5 frames with...

5 Frames with a Konica Genba Kantoku and Kodak Portra – by Christian Schroeder

November 4, 2020

The Konica Genba Kantoku is a tough guy: a basic point & shoot, wearing hard hats, boots and safety gloves. Built for Japanese foremen, these chunky cameras used to document progress on construction sites.

I bought the Konica two years ago as a birthday present for my girlfriend. At around 15 Euros, I would consider it as a bargain today. The camera had seen lots of use. If Japanese sellers apply the term “near mint” to highlight a very fine condition, I would rank my example “far, far mint”. Although I had to glue the rubber seal of the shutter and mode button back into place, my Genba Kantoku otherwise works perfectly. “My” Genba Kantoku?
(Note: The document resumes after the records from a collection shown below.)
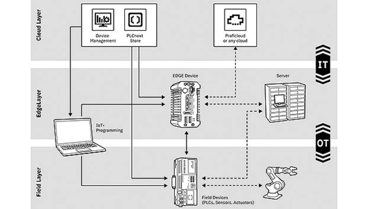 Der Edge-PC verbindet die IT- und OT-Layer. Die Datenverarbeitung erfolgt am Rand des Netzwerks, anstatt große Datenmengen in eine Cloud zu senden, in der die Daten dann verarbeitet und bewertet werden müssen. Wenn Daten lokal und gleich im Edge-PC verarbeitet werden, sinkt die Bandbreitenauslastung des Netzwerks, während zugleich eine schnellere Ausführung sichergestellt ist und Verzögerungszeiten kürzer werden. Mit einer traditionellen SPS lassen sich Daten allerdings nicht vorverarbeiten. Daher entwickelt Phoenix Contact aktuell Edge-PCs, die einen Großteil ihrer Sensordaten am Entstehungspunkt sortieren und vorverarbeiten.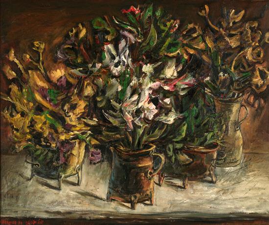 Yosl Bergner, Israeli Art, B. 1920, Autumn Flowers, 1980, Oil on canvas, 50x61cm, Signed and dated. Titled on the reverse., , , , ,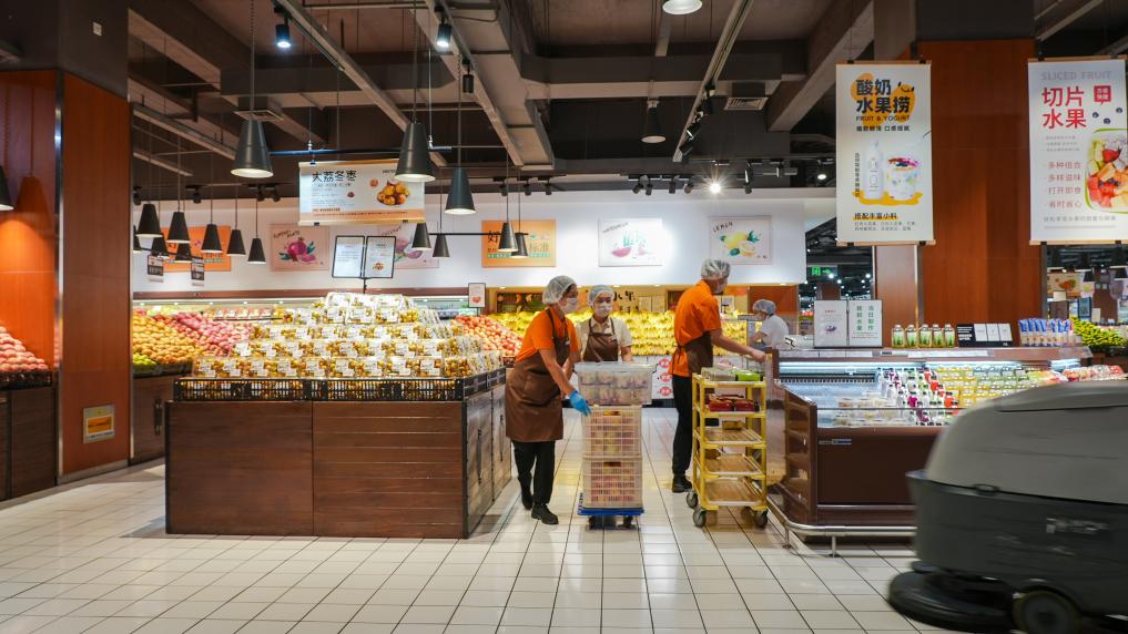 在河南许昌的胖东来生活广场店内,店员正在做当天开业前的准备工作。新华社记者 刘振坤 摄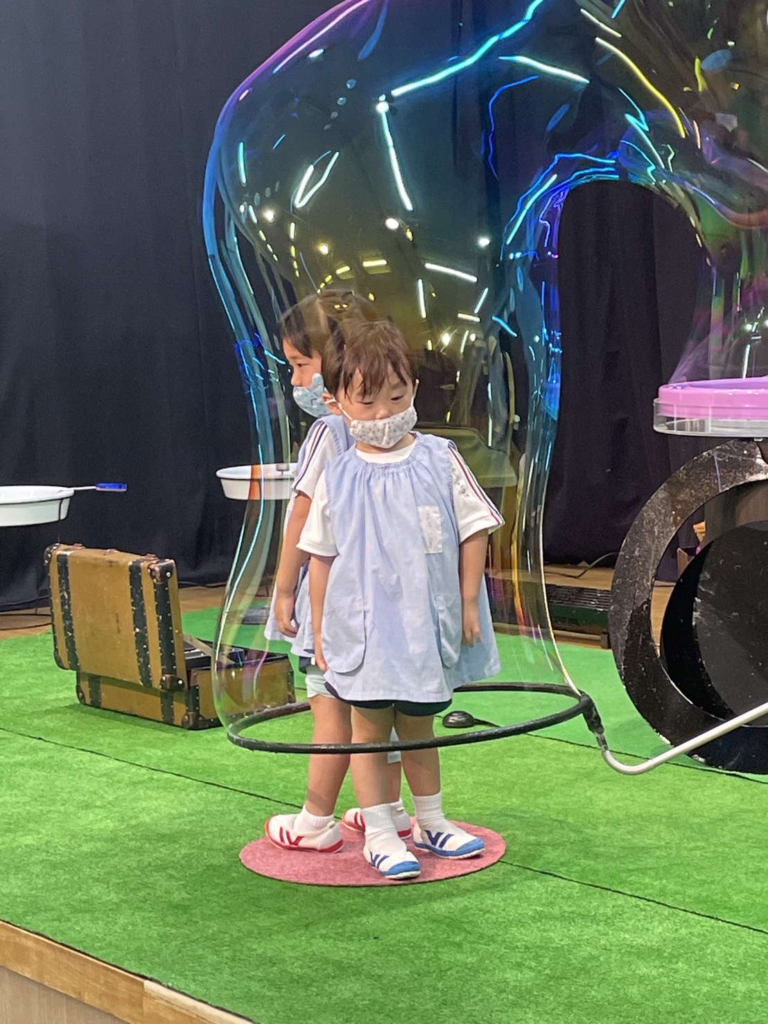 今日は講堂にシャボン玉ショーがやって来ましたよ みんなの身体より大きなシャボン玉や、シャボン玉の中にまたシャボン玉が入っていたり、触っても割れないものも登場!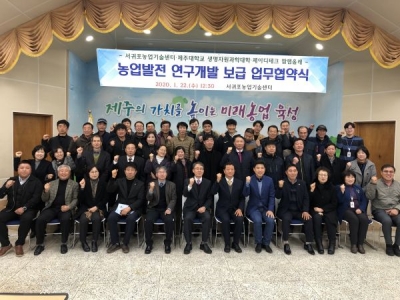 [충청뉴스큐] 제주특별자치도농업기술원 서귀포농업기술센터는 22일 농업인교육관에서 제주대학교 생명자원과학대학과 제이디테크 팜랩올레와 함께 제주농업 발전 연구개발 보급을 위한 산학연 업무협약을 체결한다.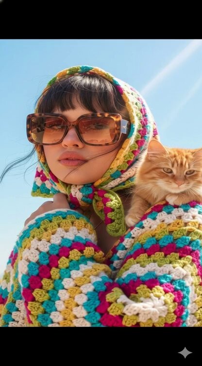 Young Woman in Crochet with Cat, Editorial Fashion Portrait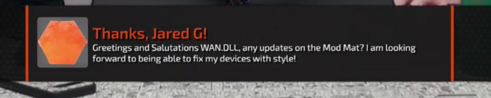Hello .DLL Would love an update on Modmat and clear screwdriver, when should we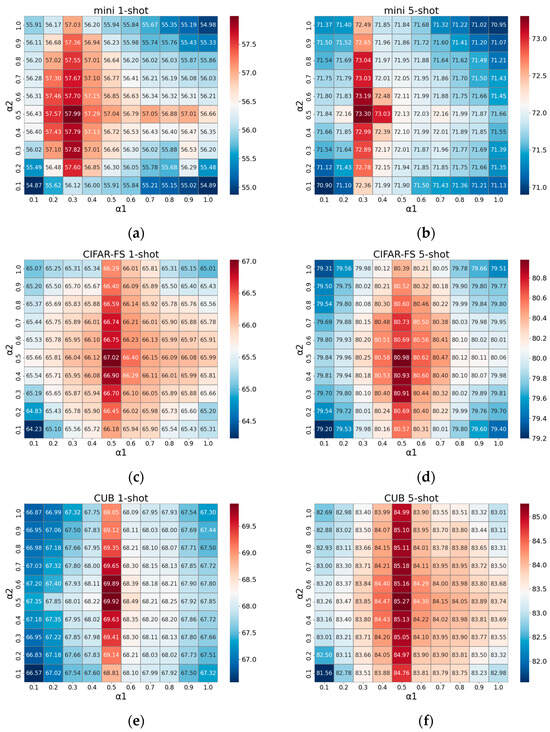 Heatmap visualization of α1 and α2 grid search on three datasets. (a) Grid search results on MiniImageNet in 1-shot task; (b) grid search results on MiniImageNet in 5-shot task; (c) grid search results on CIFAR-FS in 1-shot task; (d) grid search results on CIFAR-FS in 5-shot task; (e) grid search results on CUB in 1-shot task; (f) grid search results on CUB in 5-shot task.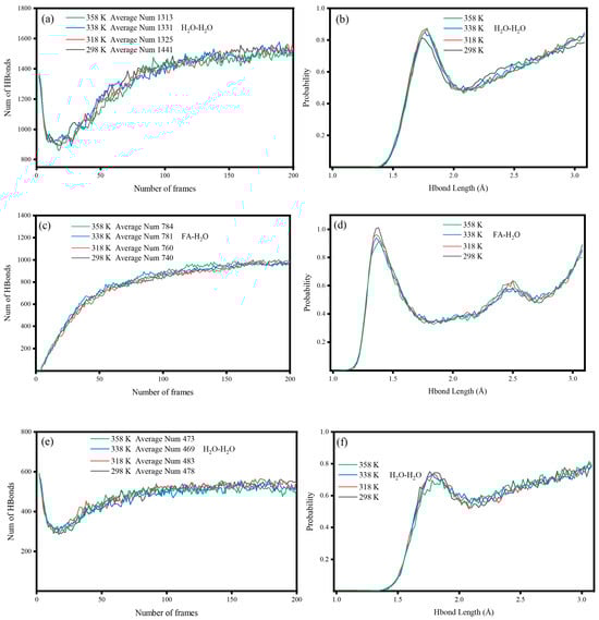 Figure 6a,c,e show the number of hydrogen bonds at 298 K, 318 K, 338 K, and 358 K, respectively. In the temperature range of 298–358 K, there was little effect on the formation of hydrogen bonds in the FA-H2O system. Comparing Figure 6a,e, S-FA inhibited the formation of hydrogen bonds between water molecules and water molecules in the nearby water molecular layer, which reduced the boiling point and viscosity of the whole system. Figure 6d shows the distribution of the hydrogen bond length between the FA surface and water molecules. The adsorption of water molecules on the FA surface resulted in the formation of hydrogen bonds with lengths ranging from 1.5 to 2.5 Å. The corresponding hydrogen bond became stronger with decreasing bond length, increasing the viscosity of the FA surface [28], which made it easier for FA to agglomerate in the water system. The agglomerates played a role in coating water molecules, which led to a further increase in water absorption. Figure 6g shows the distribution of hydrogen bonds between and within SA molecules. At 338 K, the distribution of hydrogen bonds with a bond length of 1.5–2.5 Å decreased, and the formation of intramolecular hydrogen bonds of SA affected the grafting of SA molecules on the surface of FA [29]. As shown in Figure 5g, intramolecular hydrogen bonds were formed after SA was closed, and this closed-loop effect may hide the carboxyl group (-COOH). Therefore, 338 K was considered as the optimal temperature for SA grafting on the surface of FA.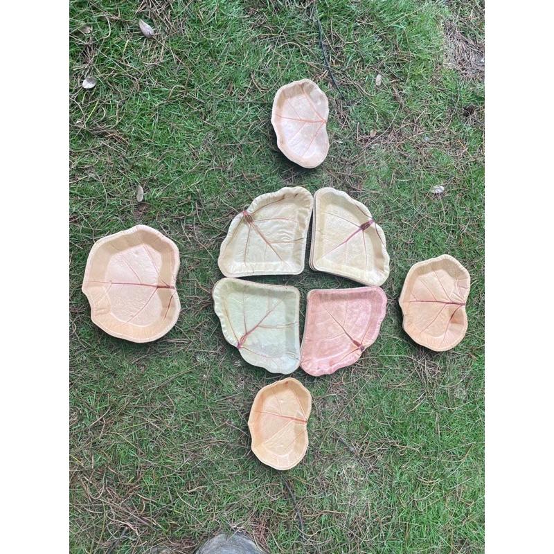 จานใบองุ่นทะเลจานสำหรับใส่ใบองุ่นทะเลจานสำหรับปิกนิก Areca ใบปาล์มทะเลองุ่นเวียดนามบัวสีฟ้า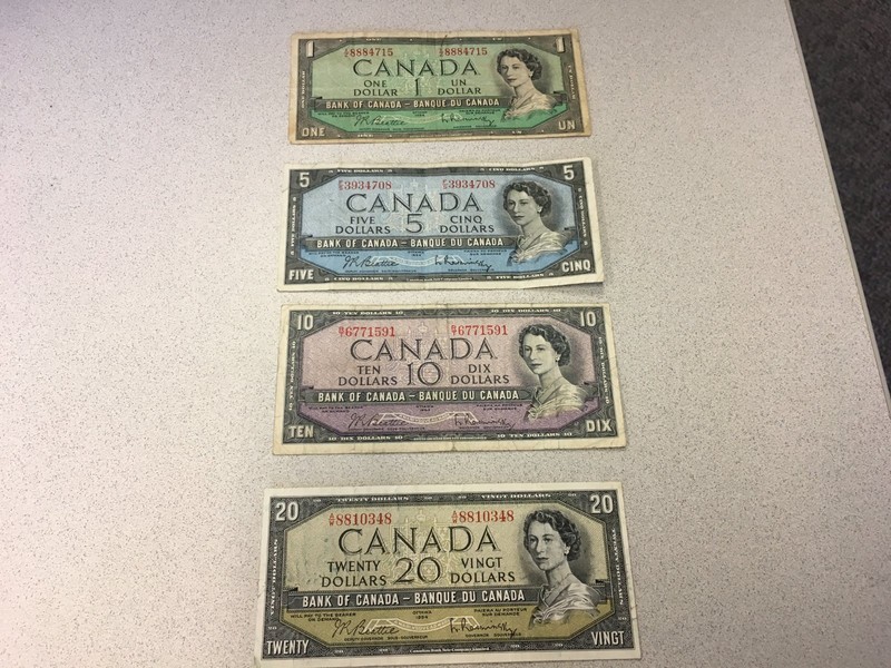 Banknote: 1954 Set Of 4 Canada Banknotes Beattie-Rasminsky $1 $5 $10 & $20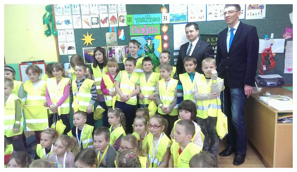Pan Mariusz Kozera przeprowadził pogadankę z wychowankami przedszkola i uczniami szkoły, na temat bezpiecznego poruszania się po drogach. Aby poprawić widoczność dzieci na drogach otrzymały one od gościa upominki w postaci odblaskowych opasek, worków, kamizelek. Na koniec spotkania zrobiono pamiątkowe zdjęcie.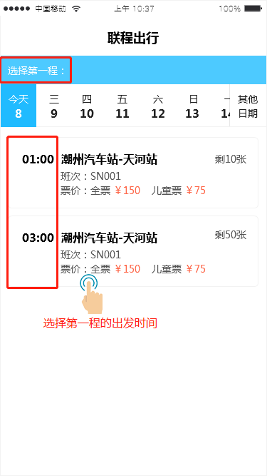 3、选择第一程出发时间班次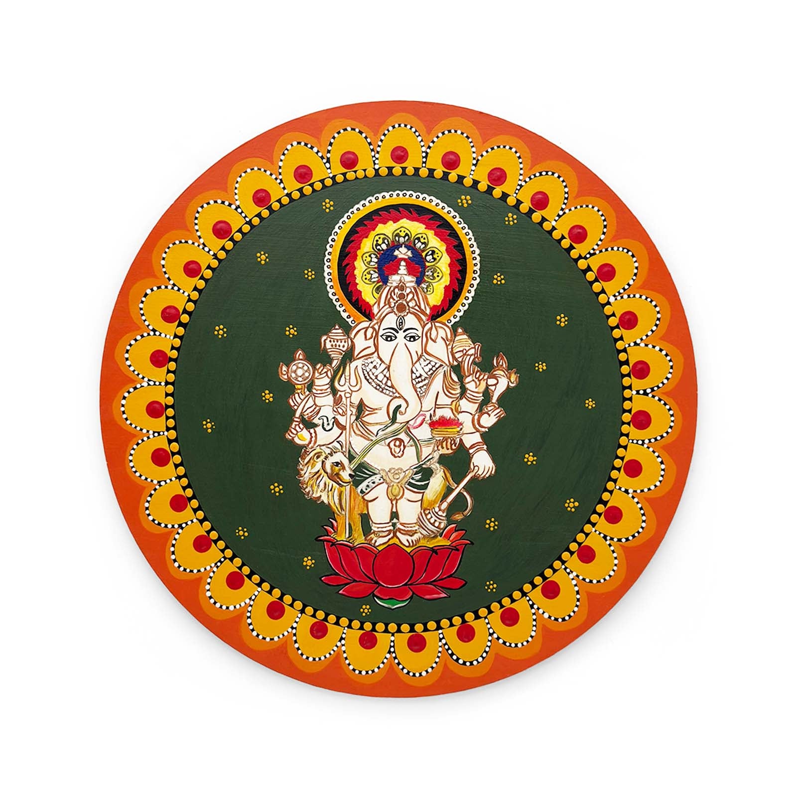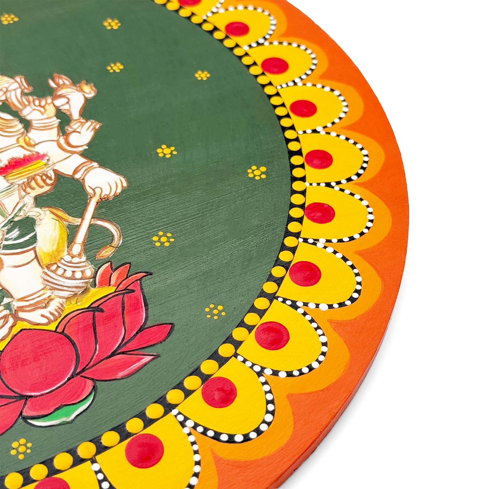 Ganpati Ji Hand-Painted Wooden Mandala Wall Hanging - Green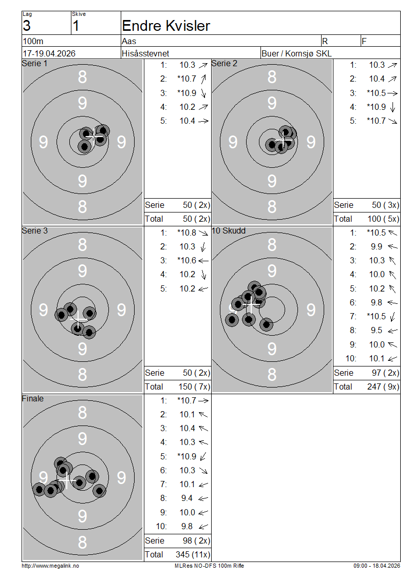 | 15 Skudd | 150 | 25 Skudd | 247 | 35 Skudd | 345 | ||||||||||||||||||||||||||||||||||||||||||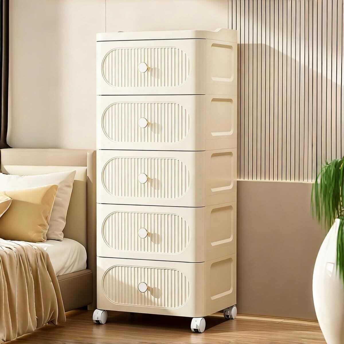 チェストとして多機能:キャスター付き収納ボックスで家中をスマートに整理。寝室では洋服収納に、リビングでは棚収納として、書類や小物をすっきり収納。水に強い設計で浴室のタオル収納にも最適です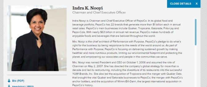 펩시 주주들의 간곡한 개편 의지에 감복하여 GE카드를 버리고 펩시 쪽을 선택했다. 인드라 누이가 당대 최고의 기업인 GE행을 거절한 것은 지금까지도 화제다.

Well, as I mentioned before, I gifted the camera to my girlfriend. Of course, this hasn’t stopped me from borrowing it…

What I Like About the Genba Kantoku

One of the few features the Genba Kantoku provides are four little cross markings in the finder. They are located close to the frame corners. I appreciate them as they help tremendously  in aligning the camera with your subject. Sure, for organic subjects like people, animals or plants these markings are negligible. However, in the city with its many edges and right angles, they are worth their weight in gold. (I’m exaggerating here a little bit; I’m also sure the markings don’t have any measurable weight.)

Another cool “feature”: the bottom plate exhibits a hint which battery is needed (a 6V 2CR5). The hint doesn’t come as a sticker, which would quickly wear out in the rough environments the camera is intended for. Instead, the hint is deeply recessed into the plastic. And there is not just the type of the battery mentioned. There is also a little sketch of the battery’s shape – in a perspective view, the way it would look when you insert the battery!

Shooting with the Genba Kantoku

After a two-month period of shooting exclusively black & white film, I’m slowly rediscovering color. As with many photographers, Kodak Portra is the material of choice. I have the policy that any camera deserves any kind of film – so no “expensive film in expensive camera only” kind of attitude.

I took the Genba Kantoku with me on my usual strolls through the neighborhood. It sits in the pocket of my rain jacket. If I need a camera, it’s there. If not, it doesn’t matter. Limitating gear liberates yourself – see Daniel’s thoughts. As a result, my frames don’t derive from thoroughly planned photo trips. These images rather belong to the “take along” type. Or, simply: snap shots. In appreciation for the film loaded, I preferably looked for subjects in appealing colors.

Inspiration: Eggleston’s Dunkerque

While I was preparing this article, I stumbled across an interesting photo book: Spirit of Dunkerque by William Eggleston. In 2005, the city of Dunkirk invented the famous photographer to create a portrait of the city. Eggleston delivered 50 color photographs, mostly showing details or narrow views of industrial landscapes. A pile of tubes, a rusty overseas container, road signs in front of a fuel depot, hills of iron ore.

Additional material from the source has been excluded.